GIVEN MATERIAL Block Start

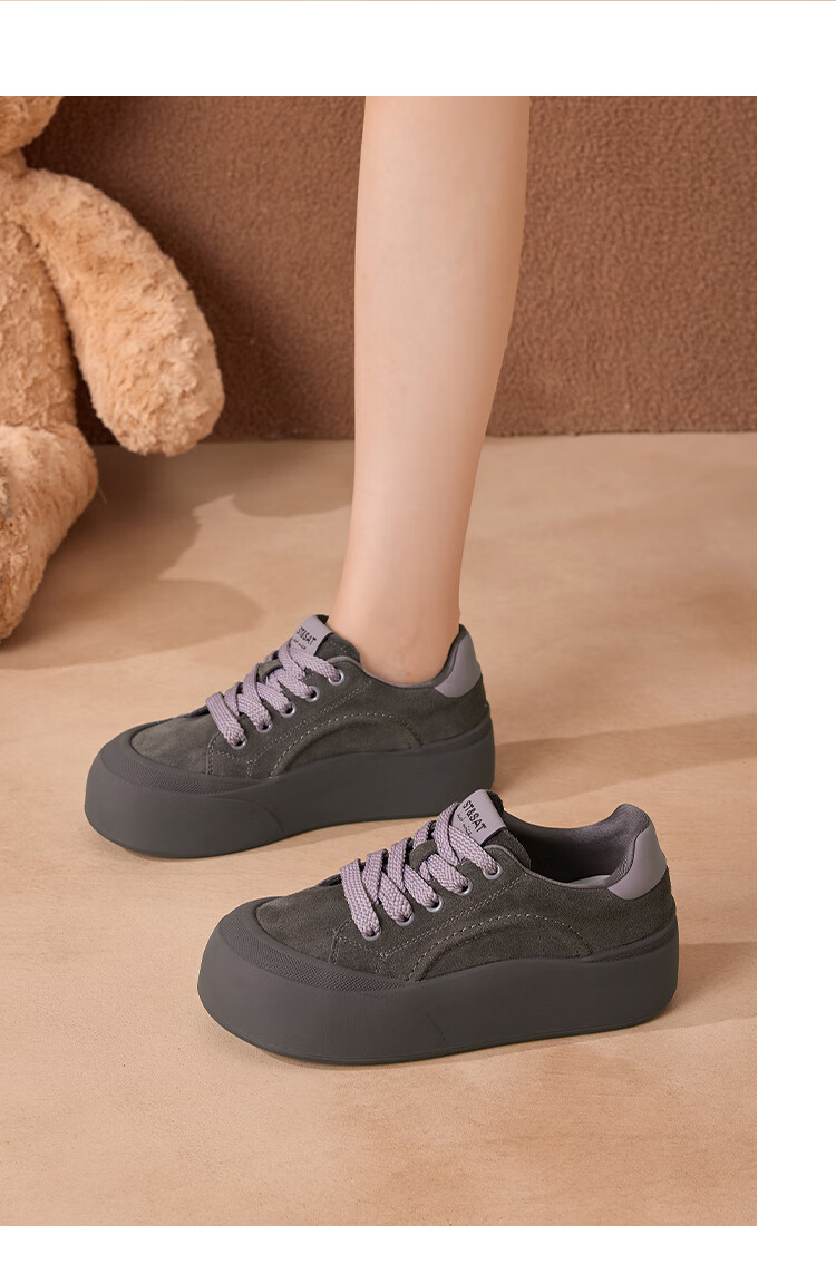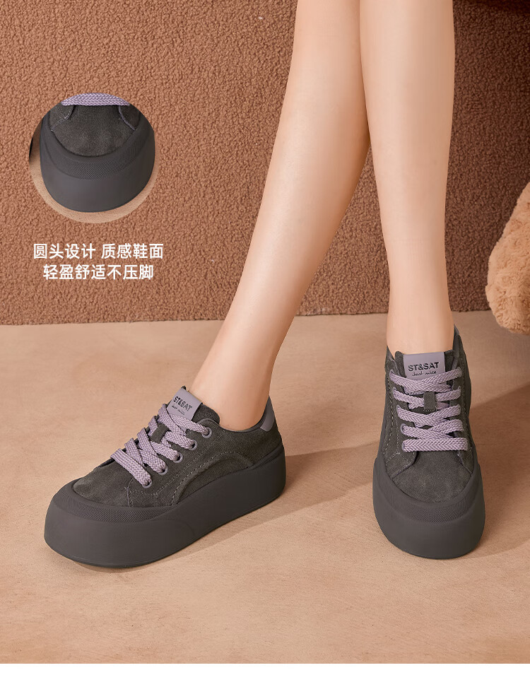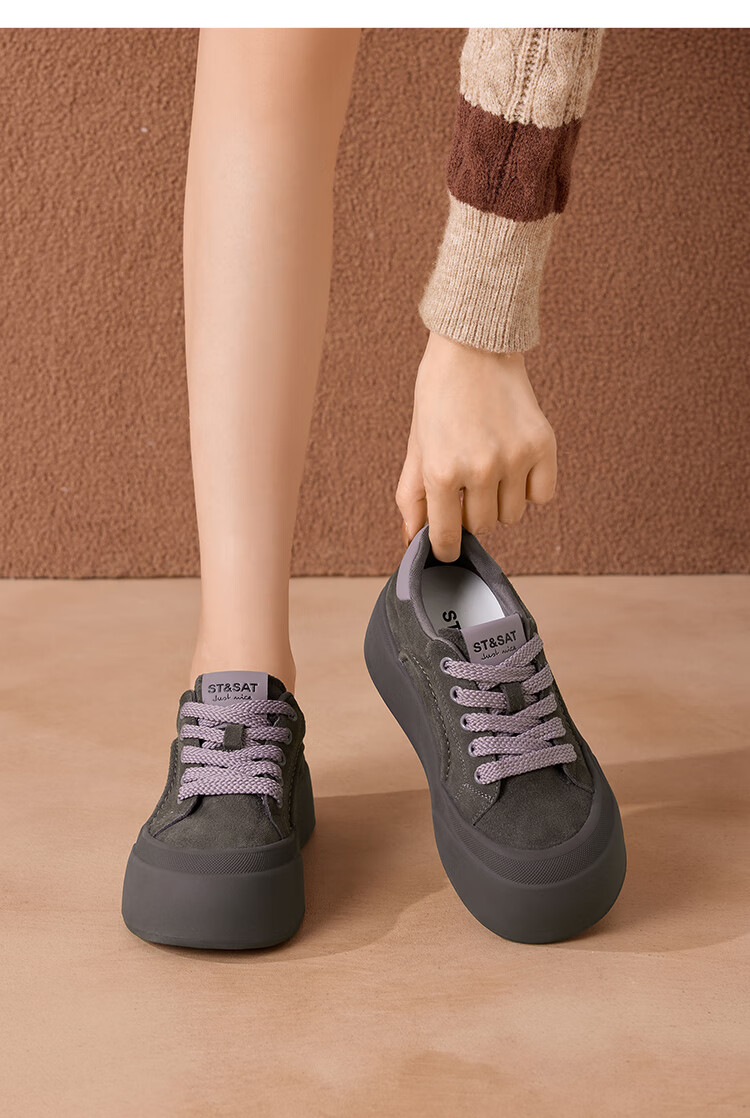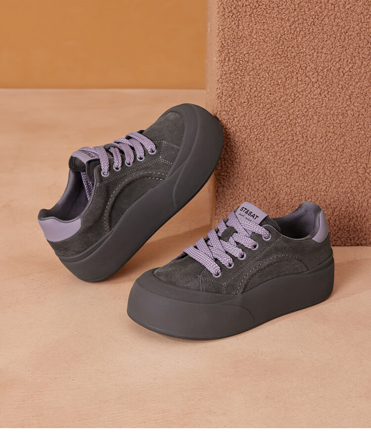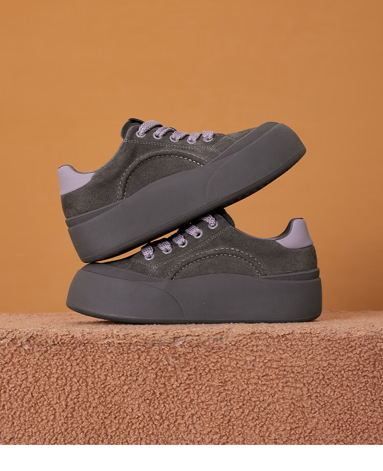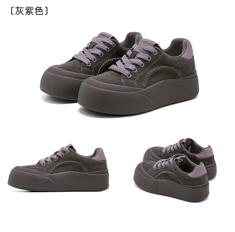 星期六真皮厚底板鞋女款2025新款女鞋冬季复古大头德训运动休闲鞋 灰紫色 37
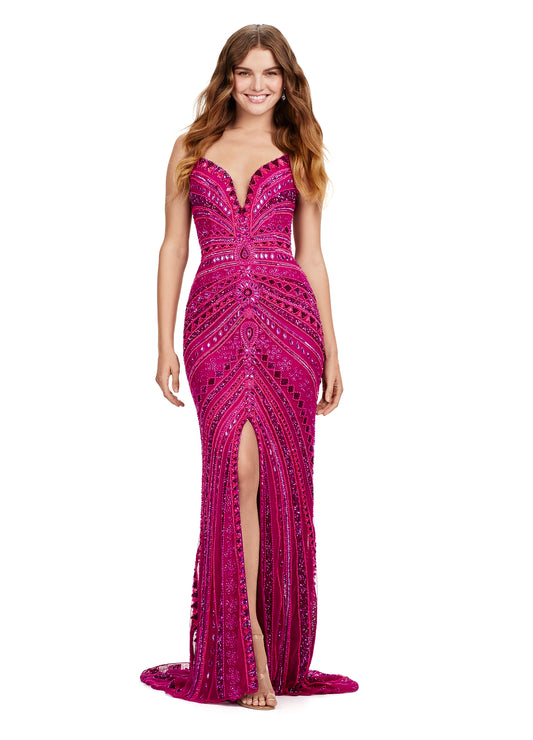 Ashley Lauren 11488 Long Prom Dress Fully Beaded Strapless Gown Sweetheart Neckline Slit Formal Pageant
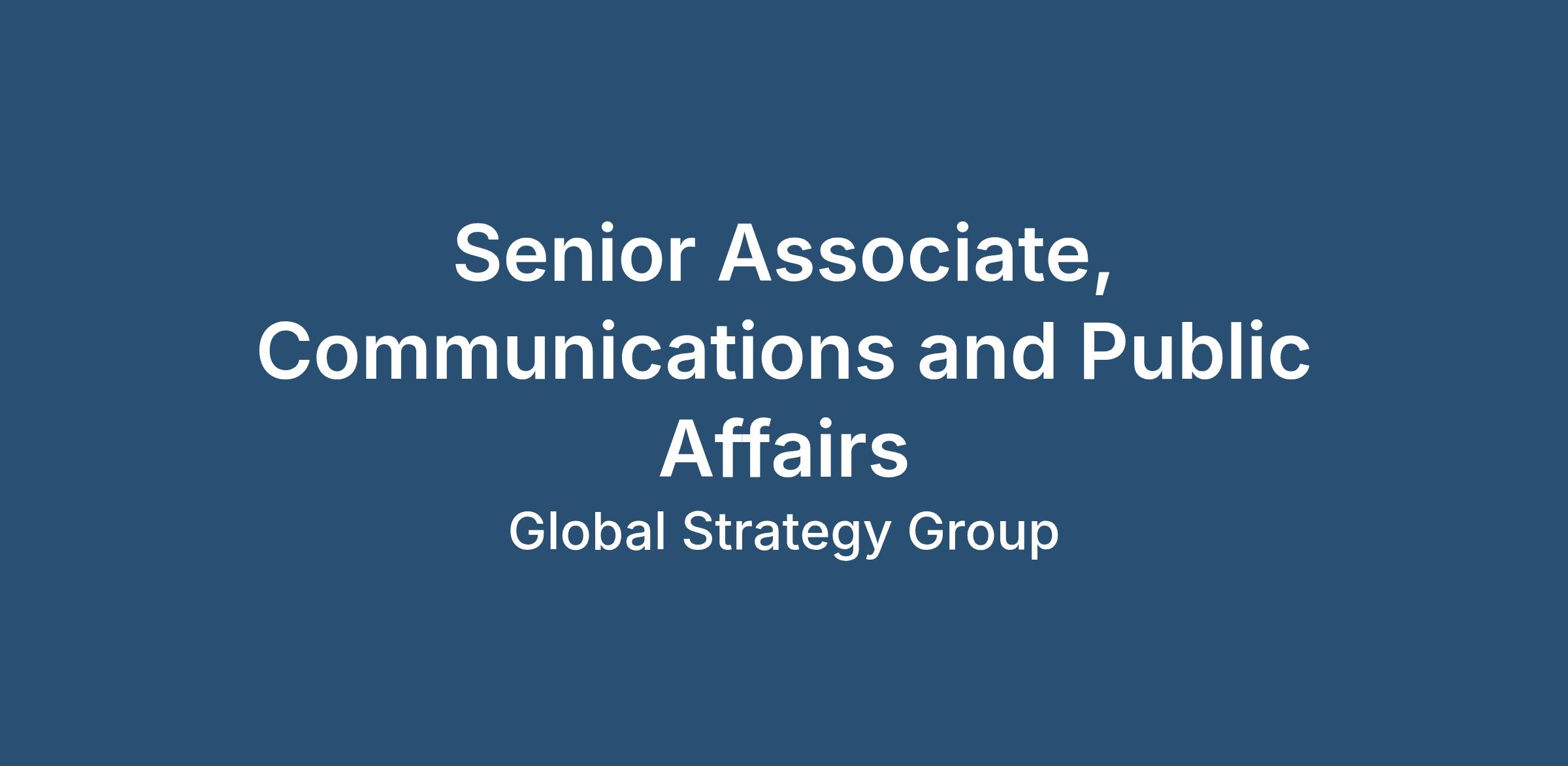 Are you interested in communications, media relations, and writing? If so, Global Strategy Group is looking for you! We are seeking a Senior Associate to join our growing Communications & Public Affairs Practice. Successful candidates will have a strong interest in working with our corporate clients, as well a desire and ability to work in a fast-paced, dynamic, and demanding environment.

GIVEN MATERIAL Block End

[TASK GOAL]: Would you print the listing above in full, exactly, but with no pictures?

[FINISHED TASK]:
 星期六真皮厚底板鞋女款2025新款女鞋冬季复古大头德训运动休闲鞋 灰紫色 37
 Ashley Lauren 11488 Long Prom Dress Fully Beaded Strapless Gown Sweetheart Neckline Slit Formal Pageant
 Are you interested in communications, media relations, and writing? If so, Global Strategy Group is looking for you! We are seeking a Senior Associate to join our growing Communications & Public Affairs Practice. Successful candidates will have a strong interest in working with our corporate clients, as well a desire and ability to work in a fast-paced, dynamic, and demanding environment.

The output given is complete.